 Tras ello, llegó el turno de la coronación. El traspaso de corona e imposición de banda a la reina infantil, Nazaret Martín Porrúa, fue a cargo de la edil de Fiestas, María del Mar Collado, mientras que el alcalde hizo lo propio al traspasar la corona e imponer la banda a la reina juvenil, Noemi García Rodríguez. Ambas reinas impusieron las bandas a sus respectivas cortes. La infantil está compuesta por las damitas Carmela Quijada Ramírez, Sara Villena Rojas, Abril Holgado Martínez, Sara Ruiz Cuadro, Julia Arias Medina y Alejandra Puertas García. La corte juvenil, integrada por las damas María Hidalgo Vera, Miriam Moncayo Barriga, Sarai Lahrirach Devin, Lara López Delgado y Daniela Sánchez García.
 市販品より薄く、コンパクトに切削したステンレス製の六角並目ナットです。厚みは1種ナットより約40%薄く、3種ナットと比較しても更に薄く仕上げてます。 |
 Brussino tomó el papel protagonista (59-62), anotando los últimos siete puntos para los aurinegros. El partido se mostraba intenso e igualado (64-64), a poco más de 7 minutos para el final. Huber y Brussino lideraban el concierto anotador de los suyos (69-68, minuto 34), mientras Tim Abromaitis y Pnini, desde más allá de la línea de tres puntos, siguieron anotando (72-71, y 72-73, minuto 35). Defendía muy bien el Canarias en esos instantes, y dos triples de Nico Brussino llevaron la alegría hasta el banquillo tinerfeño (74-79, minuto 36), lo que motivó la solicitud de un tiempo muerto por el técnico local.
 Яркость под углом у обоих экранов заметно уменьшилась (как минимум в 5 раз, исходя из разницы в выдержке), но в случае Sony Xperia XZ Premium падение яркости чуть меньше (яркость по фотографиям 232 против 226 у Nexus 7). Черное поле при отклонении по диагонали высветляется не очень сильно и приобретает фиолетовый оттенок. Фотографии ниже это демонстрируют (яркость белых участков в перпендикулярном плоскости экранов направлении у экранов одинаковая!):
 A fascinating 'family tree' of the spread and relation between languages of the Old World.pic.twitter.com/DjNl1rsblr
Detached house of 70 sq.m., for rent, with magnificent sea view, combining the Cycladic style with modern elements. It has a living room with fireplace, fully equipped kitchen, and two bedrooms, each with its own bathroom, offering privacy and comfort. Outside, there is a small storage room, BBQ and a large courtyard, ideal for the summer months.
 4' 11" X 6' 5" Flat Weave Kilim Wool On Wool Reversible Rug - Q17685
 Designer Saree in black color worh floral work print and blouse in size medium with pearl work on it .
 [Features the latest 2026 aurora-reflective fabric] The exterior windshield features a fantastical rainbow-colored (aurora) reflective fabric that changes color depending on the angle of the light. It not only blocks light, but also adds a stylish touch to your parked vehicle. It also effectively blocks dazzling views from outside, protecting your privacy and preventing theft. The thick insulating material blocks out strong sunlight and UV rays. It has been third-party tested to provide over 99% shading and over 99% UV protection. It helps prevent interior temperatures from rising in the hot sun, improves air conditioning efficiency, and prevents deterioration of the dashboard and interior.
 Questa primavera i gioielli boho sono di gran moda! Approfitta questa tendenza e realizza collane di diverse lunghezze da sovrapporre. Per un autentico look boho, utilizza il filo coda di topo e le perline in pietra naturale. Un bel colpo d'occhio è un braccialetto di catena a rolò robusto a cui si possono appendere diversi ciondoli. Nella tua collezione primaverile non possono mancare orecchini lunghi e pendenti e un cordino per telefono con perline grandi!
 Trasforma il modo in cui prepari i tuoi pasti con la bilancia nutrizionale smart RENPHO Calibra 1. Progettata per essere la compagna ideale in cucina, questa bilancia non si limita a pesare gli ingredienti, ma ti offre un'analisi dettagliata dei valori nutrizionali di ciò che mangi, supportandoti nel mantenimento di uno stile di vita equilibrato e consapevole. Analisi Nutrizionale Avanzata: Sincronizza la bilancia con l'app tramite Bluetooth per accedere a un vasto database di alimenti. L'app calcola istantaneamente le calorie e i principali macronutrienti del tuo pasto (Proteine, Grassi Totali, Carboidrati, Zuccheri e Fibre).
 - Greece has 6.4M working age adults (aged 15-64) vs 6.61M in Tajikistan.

===

> [What to do] Quote the listing above, but only from the line that shows "Designer Saree in" through the line that shows "Questa primavera i".

> [Answer space]
 Designer Saree in black color worh floral work print and blouse in size medium with pearl work on it .
 [Features the latest 2026 aurora-reflective fabric] The exterior windshield features a fantastical rainbow-colored (aurora) reflective fabric that changes color depending on the angle of the light. It not only blocks light, but also adds a stylish touch to your parked vehicle. It also effectively blocks dazzling views from outside, protecting your privacy and preventing theft. The thick insulating material blocks out strong sunlight and UV rays. It has been third-party tested to provide over 99% shading and over 99% UV protection. It helps prevent interior temperatures from rising in the hot sun, improves air conditioning efficiency, and prevents deterioration of the dashboard and interior.
 Questa primavera i gioielli boho sono di gran moda! Approfitta questa tendenza e realizza collane di diverse lunghezze da sovrapporre. Per un autentico look boho, utilizza il filo coda di topo e le perline in pietra naturale. Un bel colpo d'occhio è un braccialetto di catena a rolò robusto a cui si possono appendere diversi ciondoli. Nella tua collezione primaverile non possono mancare orecchini lunghi e pendenti e un cordino per telefono con perline grandi!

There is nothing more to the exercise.